I'm a little overwhelmed. I really had no idea I was so messed up. I don't let myself feel things. I'm afraid of feeling things.

She also said she'd recommend increasing the zoloft, that studies have shown that trauma patients benefit from the use of medication like zoloft to allow them to cope as they begin to deal with their trauma. She said that might be hard for me, because 'hyperarousal' is a symptom of PTSD, and some patients don't want to give that up because they feel like they're losing their 'edge.'

And that does scare me a little.

I am defined by my edge.

I hate a lot about me. But I love that my body and mind are constantly on alert, ready to do whatever I need to do at a moment's notice. It's exhausting, sure, but I love that I can function perfectly well in extremely stressful situations, on little to no sleep, with little to no support. I work well under pressure, I thrive on stress. I push myself incredibly hard because I know I can get away with it; my mind will still function and my body will still hold me up.

I really think most of what I have accomplished, I have only been able to do because I haven't had a calm life.

Can I be happy and keep my edge? Can I keep the adrenaline that stress gives me without succumbing to the panic attacks that crop up every now and then?


  1. What a wonderful psychiatrist. It sounds like you're in really good hands with her. I LOVE how she is working with you to develop a long-term plan and not just make you feel better in the short-term.

    I know it is hard to worry that you'll lose the thing about yourself that you like (the edge), but here's how I think of it: You can increase the zoloft and, if you lose your edge and you don't like it, then you can decrease the dose again. Nothing is permanent. This is how I originally decided to take the zoloft. (And, as you know, I do have a bit of mixed feelings about this...) But I took the zoloft to make my thoughts stop going on repeat. True, when it comes to controlling the ED, having an obsessive, on-repeat, overthinking brain is not helpful. But one of the things I like best about myself is how thoughtful my brain is. My overthinking brain sets me apart from others. IT makes me a good brainstormer. IT helps me in my job and in school. I was afraid I'd lose that. Finally, I realized that I was avoiding the zoloft because of all these "what ifs." i finally realized that I could take it and, if I noticed that I was losing a part of myself that I liked, then I could reduce the dose or go off of it. And, You might not lose as much of your edge as you fear.

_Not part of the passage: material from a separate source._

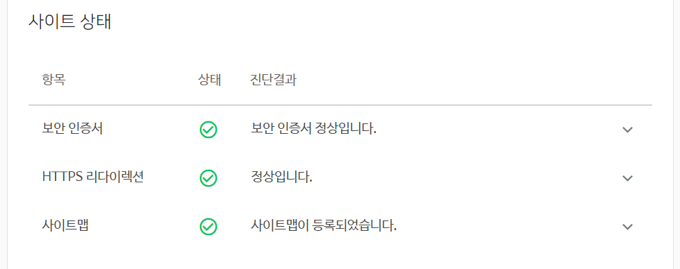 그러다가 3달째 되던 날, 메인블로그의 네이버유입이 안정적이 되어 어떤 키워드로 유입되는 지 확인할 겸 네이버 서치어드바이저에 들어갔다가 여전히 확인중이겠지, 하면서 하위블로그를 클릭해보니 어?!!! 보안인증서가 정상입니다로 바뀌어있다!!!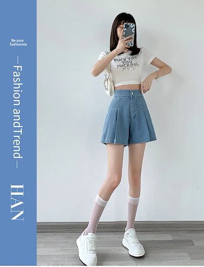 ひんやりボトムス ジーンズレディースデザイナーハイウエスト大きいサイズゆったり細身ストレートレッグワイドレッグプレスドクリースカジュアルバラエティショートパンツ

    It sounds like this psychiatrist really has your best interest at heart.

  2. This psychiatrist is absolutely amazing. She practically glows empathy and understanding. And something about her eyes is very comforting, it's almost like the way you can look into the eyes of a pet and know that they will absolutely stick with you no matter what.

    And I am really grateful that she spent so much time working on me as a whole, not just the aspects of me that fit into her specialty. I was actually nervous about seeing her, because my PMDD-related symptoms have basically disappeared since I started taking the zoloft, and I was worried she would realize that and say something like I was wasting her time, I didn't need her, I don't have any symptoms anymore. It was irrational of me to think that, I know, but I was worried nonetheless.

    So I do feel like I'm in good hands. I'm just overwhelmed. I feel like I've opened up Pandora's box, and my first instinct is to just slam it closed again, but I know it will be better for me in the long run if I keep working on those things instead of keeping them buried.